Ricardo Martinelli, back when he could give himself uniforms and medals.
Magistrates oust Ricardo Martinelli from
the ballots for mayor and legislator
by Eric Jackson
The Electoral Tribunal, with the one magistrate appointed by Ricardo Martinelli dissenting, has disqualified Ricardo Martinelli from running for mayor of Panama City and for legislator from the capital’s multi-member Circuit 8-8.
The original challenges were brought on the grounds that Martinelli, who now sleeps at the El Renacer Penitentiary near Gamboa, which is in Colon province, and for purposes of avoiding and then limiting the scope of his extradition from the United States calls a mansion in Miami his residence, does not meet the residency requirements for that office. Up and down the electoral court system the case jumped away from the basic facts of residency, first into interpretations of what the residency requirement means and then quickly in to procedure. Lower electoral judges ruled on procedure, holding that to challenge Martinelli’s residency a party would have had to make that motion well before it was known that the former president was seeking elected offices.

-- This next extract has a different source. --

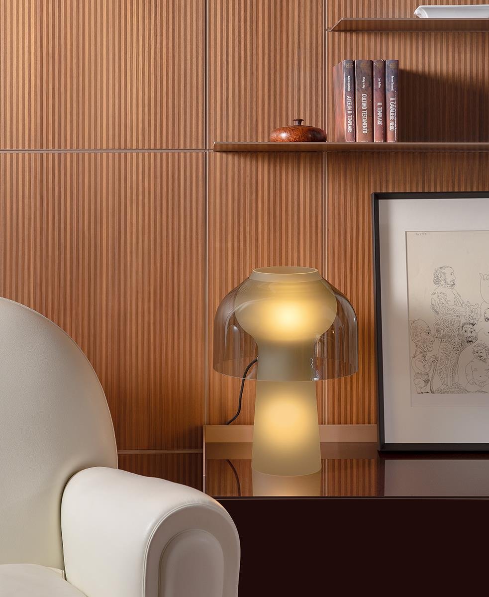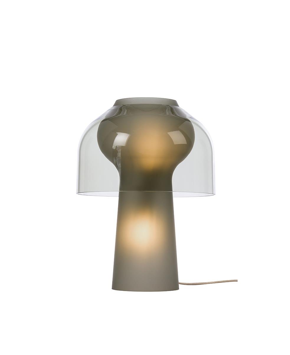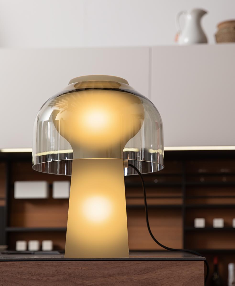 Giorgio Silla tarafından tasarlanan kıvrımlı ve zarif masa lambası, aynı eğrisel şekilde ve aynı kırılgan, eterik malzemeden yapılmış olmasına rağmen, ona üç farklı kişilik kazandıracak kadar farklı bir estetiğe sahip: taban ve abajurun içine yerleştirilmiş çift ışığı göstermek için oluşturulmuş üfleme camdan şeffaf bir vual, taban ve abajur arasındaki farkı söylemeyi zorlaştıran buzlu beyaz camın genel görünümü ve lambanın gövdesi için füme camdan iki tonlu bir parça ve difüzör için şeffaf cam.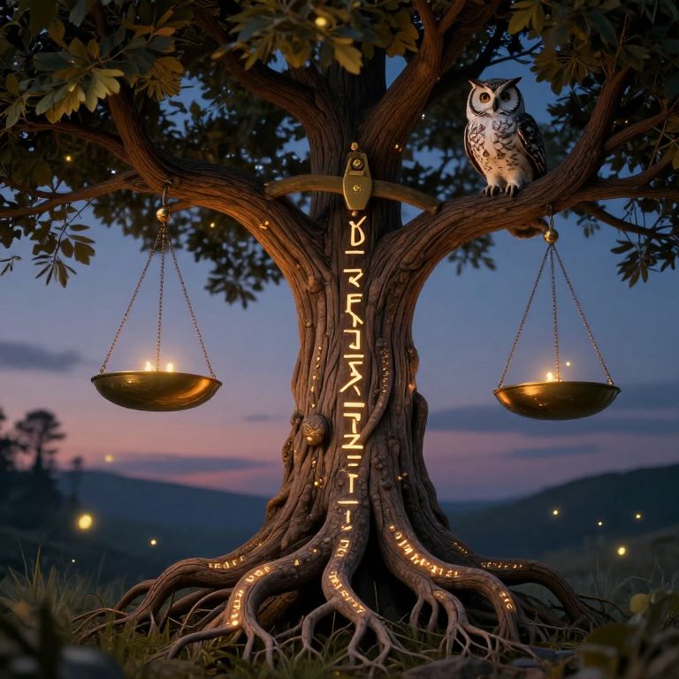 An artistic depiction of judgement as an ancient tree with branches forming scales of justice, roots intertwined with glowing runes, a wise old owl perched on a branch observing, twilight setting with glowing fireflies, conveying wisdom and impartiality.

However, having first brushed aside Martinelli’s attempt to disqualify the magistrates that he did not appoint — he would have had to disqualify one of their suplentes, too, in order to get a 2-1 majority of his appointees on the panel — magistrates Alfredo Juncá and Eduardo Valdés Escoffery argued all around the procedural points but ruled on the fact of residency to exclude the former president from the ballot. They left Martinelli’s suplente in the mayoral race, Sergio Gálvez, and the ex-president’s suplente in the legislative race, Mayín Correa, on the ballot in the places he would have occupied.
In a volatile year without much in the name of worthy polling, the ruling adds much uncertainty.

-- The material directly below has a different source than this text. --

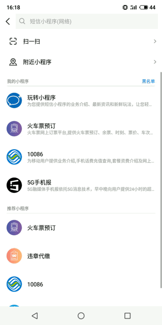 实际上,5G消息也已经支持这项功能,称之为短信小程序,顺利获得chatbot(聊天机器人)来实现,在短信界面就能完成搜索、点选、交互等一系列操作。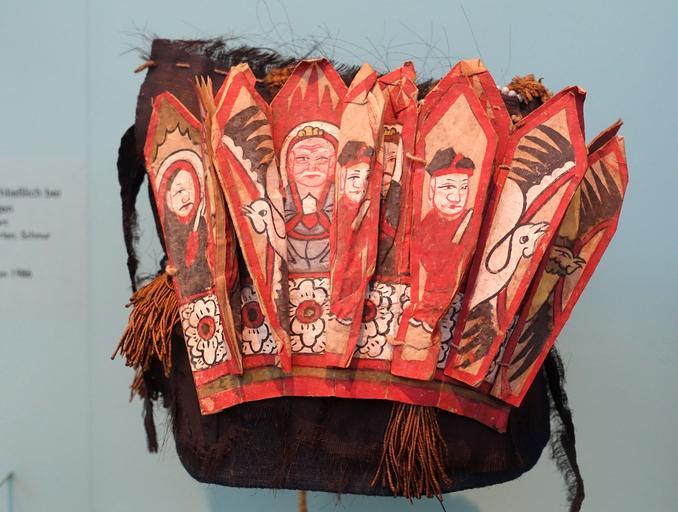 Keywords: Priest's hat, Yao (Mien) people, Northern Thailand, collected in 1986 - Ethnological Museum, Berlin - DSC01326.JPG en Exhibit in the Ethnological Museum Berlin Germany Photography was permitted in the museum without restriction 2014-11-11 08 10 39 own Daderot other versions cc-zero Thailandabteilung in Ethnological Museum Berlin Yao paintings in the Ethnological Museum Berlin Uploaded with UploadWizard |

By most accounts Martinelli was the front runner for mayor, with a strong lead over the PRD’s José Luis Fábrega in second place with the rest of a crowded field way behind and many voters undecided. Now will the race be down to a man who calls himself the Sexual Buffalo (Gálvez) and a man who calls himself Tank of Gas (Fábrega)?
For the legislature there is no valid polling, the races are crowded and the public mood is unfavorable to all incumbents and in general to those identified with the political caste. Correa is no incumbent, but she is a long time politician. She has served as representante, legislator, mayor of Panama City and appointed governor of Panama province. Seeking re-election as mayor and suffering from a reputation for arrogance and caprice, she finished third behind Juan Carlos Navarro and Miguel Antonio Bernal. But as Martinelli’s appointed governor of the country’s most populous province — which was split in two by the creation of Panama Oeste on her shift — she came across as a much calmer and friendlier character. Few ever questioned the woman’s ability. But now the question comes down to the Cambio Democratico party’s fate and whether voters will see her as just another discredited political insider.
After his disqualification, Martinelli campaigns from prison for his party.